Pour l’exercice du plein champ de pratique infirmier afin d’augmenter l’accessibilité aux soins de santé

Il est 23 h 30, la salle d’attente des urgences est bondée. Catherine et son fils Zach font partie des plus de 20 % de Québécois qui n’ont pas de médecin de famille. Ils sont maintenant aux urgences depuis 6 heures pour ce qu’ils pensent être une otite.

Pendant ce temps, au poste de travail de l’ambulatoire, l’infirmier attitré aux salles d’examen se prépare à terminer son quart de travail. Les urgentologues font une dernière tournée des patients alités pendant que l’infirmier range du matériel. Devant la pile de dossiers d’urgences mineures, cet infirmier qui revient du « Nord » se sent impuissant et pense à quel point il serait bénéfique qu’il puisse voir quelques-uns de ces patients avant minuit, dont Zach...

En tant qu’infirmière des urgences depuis 10 ans, cette situation, je l’ai vécue et vue trop souvent. Le même sentiment d’impuissance et parfois même d’injustice naît en moi chaque fois. Je travaille avec des infirmiers1 formés, compétents et responsables, et les voir les mains liées quand on parle d’accessibilité aux soins me fait grincer des dents. À l’heure actuelle, plusieurs centaines d’infirmiers sont formés en rôle élargi et travaillent dans les dispensaires nordiques. Ils peuvent y pratiquer, selon un protocole national, plusieurs actes, dont la prescription de médicaments et d’examens. Malheureusement, lorsqu’ils sont hors des dispensaires, leurs privilèges de pratique élargie sont suspendus.

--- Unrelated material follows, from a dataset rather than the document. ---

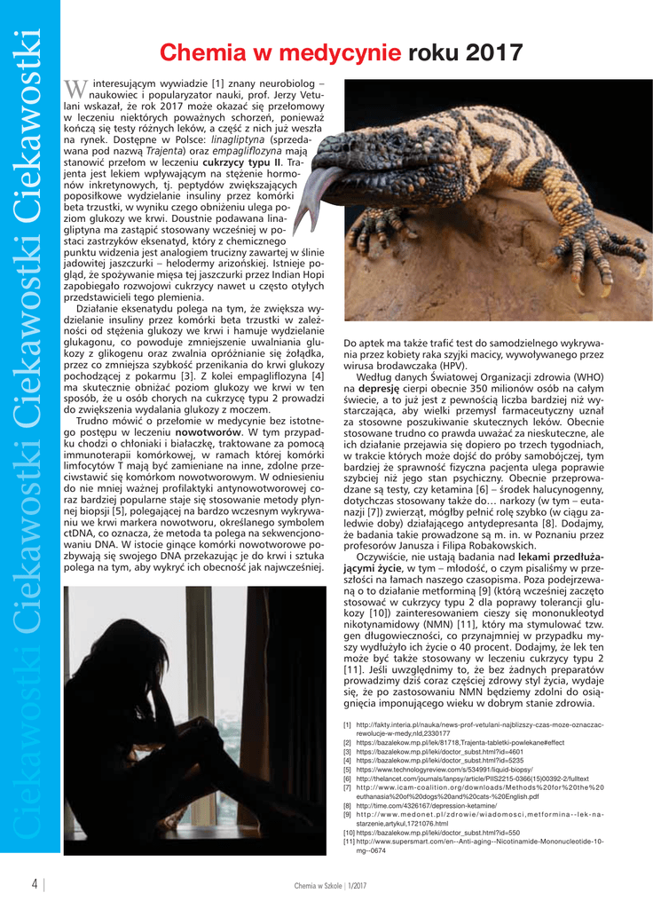 Ciekawostki Ciekawostki Ciekawostki Ciekawostki 4| Chemia w medycynie roku 2017 interesującym wywiadzie [1] znany neurobiolog – naukowiec i popularyzator nauki, prof. Jerzy Vetulani wskazał, że rok 2017 może okazać się przełomowy w leczeniu niektórych poważnych schorzeń, ponieważ kończą się testy różnych leków, a część z nich już weszła na rynek. Dostępne w Polsce: linagliptyna (sprzedawana pod nazwą Trajenta) oraz empagliflozyna mają stanowić przełom w leczeniu cukrzycy typu II. Trajenta jest lekiem wpływającym na stężenie hormonów inkretynowych, tj. peptydów zwiększających poposiłkowe wydzielanie insuliny przez komórki beta trzustki, w wyniku czego obniżeniu ulega poziom glukozy we krwi. Doustnie podawana linagliptyna ma zastąpić stosowany wcześniej w postaci zastrzyków eksenatyd, który z chemicznego punktu widzenia jest analogiem trucizny zawartej w ślinie jadowitej jaszczurki – helodermy arizońskiej. Istnieje pogląd, że spożywanie mięsa tej jaszczurki przez Indian Hopi zapobiegało rozwojowi cukrzycy nawet u często otyłych przedstawicieli tego plemienia. Działanie eksenatydu polega na tym, że zwiększa wydzielanie insuliny przez komórki beta trzustki w zależności od stężenia glukozy we krwi i hamuje wydzielanie glukagonu, co powoduje zmniejszenie uwalniania glukozy z glikogenu oraz zwalnia opróżnianie się żołądka, przez co zmniejsza szybkość przenikania do krwi glukozy pochodzącej z pokarmu [3]. Z kolei empagliflozyna [4] ma skutecznie obniżać poziom glukozy we krwi w ten sposób, że u osób chorych na cukrzycę typu 2 prowadzi do zwiększenia wydalania glukozy z moczem. Trudno mówić o przełomie w medycynie bez istotnego postępu w leczeniu nowotworów. W tym przypadku chodzi o chłoniaki i białaczkę, traktowane za pomocą immunoterapii komórkowej, w ramach której komórki limfocytów T mają być zamieniane na inne, zdolne przeciwstawić się komórkom nowotworowym. W odniesieniu do nie mniej ważnej profilaktyki antynowotworowej coraz bardziej popularne staje się stosowanie metody płynnej biopsji [5], polegającej na bardzo wczesnym wykrywaniu we krwi markera nowotworu, określanego symbolem ctDNA, co oznacza, że metoda ta polega na sekwencjonowaniu DNA. W istocie ginące komórki nowotworowe pozbywają się swojego DNA przekazując je do krwi i sztuka polega na tym, aby wykryć ich obecność jak najwcześniej. W Do aptek ma także trafić test do samodzielnego wykrywania przez kobiety raka szyjki macicy, wywoływanego przez wirusa brodawczaka (HPV). Według danych Światowej Organizacji zdrowia (WHO) na depresję cierpi obecnie 350 milionów osób na całym świecie, a to już jest z pewnością liczba bardziej niż wystarczająca, aby wielki przemysł farmaceutyczny uznał za stosowne poszukiwanie skutecznych leków. Obecnie stosowane trudno co prawda uważać za nieskuteczne, ale ich działanie przejawia się dopiero po trzech tygodniach, w trakcie których może dojść do próby samobójczej, tym bardziej że sprawność fizyczna pacjenta ulega poprawie szybciej niż jego stan psychiczny. Obecnie przeprowadzane są testy, czy ketamina [6] – środek halucynogenny, dotychczas stosowany także do… narkozy (w tym – eutanazji [7]) zwierząt, mógłby pełnić rolę szybko (w ciągu zaledwie doby) działającego antydepresanta [8]. Dodajmy, że badania takie prowadzone są m. in. w Poznaniu przez profesorów Janusza i Filipa Robakowskich. Oczywiście, nie ustają badania nad lekami przedłużającymi życie, w tym – młodość, o czym pisaliśmy w przeszłości na łamach naszego czasopisma. Poza podejrzewaną o to działanie metforminą [9] (którą wcześniej zaczęto stosować w cukrzycy typu 2 dla poprawy tolerancji glukozy [10]) zainteresowaniem cieszy się mononukleotyd nikotynamidowy (NMN) [11], który ma stymulować tzw. gen długowieczności, co przynajmniej w przypadku myszy wydłużyło ich życie o 40 procent. Dodajmy, że lek ten może być także stosowany w leczeniu cukrzycy typu 2 [11]. Jeśli uwzględnimy to, że bez żadnych preparatów prowadzimy dziś coraz częściej zdrowy styl życia, wydaje się, że po zastosowaniu NMN będziemy zdolni do osiągnięcia imponującego wieku w dobrym stanie zdrowia. [1] http://fakty.interia.pl/nauka/news-prof-vetulani-najblizszy-czas-moze-oznaczacrewolucje-w-medy,nId,2330177 [2] https://bazalekow.mp.pl/lek/81718,Trajenta-tabletki-powlekane#effect [3] https://bazalekow.mp.pl/leki/doctor_subst.html?id=4601 [4] https://bazalekow.mp.pl/leki/doctor_subst.html?id=5235 [5] https://www.technologyreview.com/s/534991/liquid-biopsy/ [6] http://thelancet.com/journals/lanpsy/article/PIIS2215-0366(15)00392-2/fulltext [7] http://www.icam-coalition.org/downloads/Methods%20for%20the%20 euthanasia%20of%20dogs%20and%20cats-%20English.pdf [8] http://time.com/4326167/depression-ketamine/ [9] h t t p : / / w w w. m e d o n e t . p l / z d r o w i e / w i a d o m o s c i , m e t f o r m i n a - - l e k - n a starzenie,artykul,1721076.html [10] https://bazalekow.mp.pl/leki/doctor_subst.html?id=550 [11] http://www.supersmart.com/en--Anti-aging--Nicotinamide-Mononucleotide-10mg--0674 Chemia w Szkole | 1/2017 ontynuując tematykę roli chemii w medycynie, odnotujmy polski wkład patentowy do fotodynamicznej metody zwalczania nowotworów, uzupełniającej lub nawet w założeniu zastępującej tradycyjną radio- lub chemioterapię [1, 2]. Ogólnie metoda fotodynamiczna, znana od dawna i stosowana w różnych schorzeniach, polega na wprowadzeniu do chorego miejsca substancji będącej fotouczulaczem, zdolnej do absorpcji promieniowania świetlnego i w tak wysokoenergetycznej formie wzbudzającej, np. cząsteczkę tlenu w stanie podstawowym (tzw. tlen trypletowy) do reaktywnego stanu wzbudzonego (tzw. tlen singletowy). Za pomocą tlenu singletowego, utworzonego z udziałem barwnika werteporfiny leczy się degenerację plamki żółtej [3]. W przypadku nowotworów po

Les infirmiers sont parmi les professionnels bénéficiant du plus haut taux de confiance et bénéficient d’une formation solide. N’irait-il pas de soi que le système de santé leur laisse la chance de prêter main-forte ?

Pour moi, c’est une évidence que ce type de pratique devrait être autorisée en tout temps selon la formation du professionnel plutôt que selon son emplacement géographique.

Dans un second temps, il y a fort à parier que le coût social de la maladie serait diminué : moins d’absentéisme au travail, de congestion hospitalière, de complications reliées au retard de traitement, etc. Cet argent pourrait alors être redirigé ailleurs dans le programme de santé. Si Zach avait été évalué et traité plus tôt, probablement que Catherine aurait pu aller au travail le lendemain...

Finalement, parlons d’accessibilité aux soins de santé. C’est un droit universel. Cette accessibilité est d’ailleurs la valeur au cœur de notre système de santé publique et du mien. L’Ordre des infirmières et infirmiers du Québec pourrait lutter afin de laisser ses membres déployer leurs compétences. Ces infirmiers, à leur plein champ de pratique, permettraient aux médecins d’être réattribués à des cas plus complexes. Mais qu’en est-il de la qualité des soins ? Certains diront que les médecins sont les plus qualifiés pour évaluer et prescrire. Je tiens à rappeler que nos Premiers Peuples « dans le Nord » sont majoritairement desservis par du personnel infirmier. Cela veut-il dire qu’ils reçoivent un service de deuxième ordre pour leurs urgences mineures ? Une otite nordique est-elle moins bien traitée qu’une otite montréalaise ? Il est certain que la pratique élargie comporte des limitations importantes. Cependant, cette limite est acceptée pour le corps médical et il serait logique que le même type de confiance en lien avec le respect des limites professionnelles soit attribué aux infirmiers. La bonne personne, au bon moment, pour la bonne raison.

Donc, capable ou pas capable ? Laisser le plein droit d’exercice aux infirmiers en rôle élargi serait une solution contemporaine à une problématique criante et grave. Et ce, tout d’abord parce qu’ils sont formés et compétents, puis parce que cela réduirait le coût social et, enfin, parce que cela augmenterait l’accessibilité aux soins de santé. Je rêve d’un monde dans lequel je pourrai soigner Zach à même les urgences dans lesquelles je pratique.

1 Le masculin est utilisé pour alléger le texte.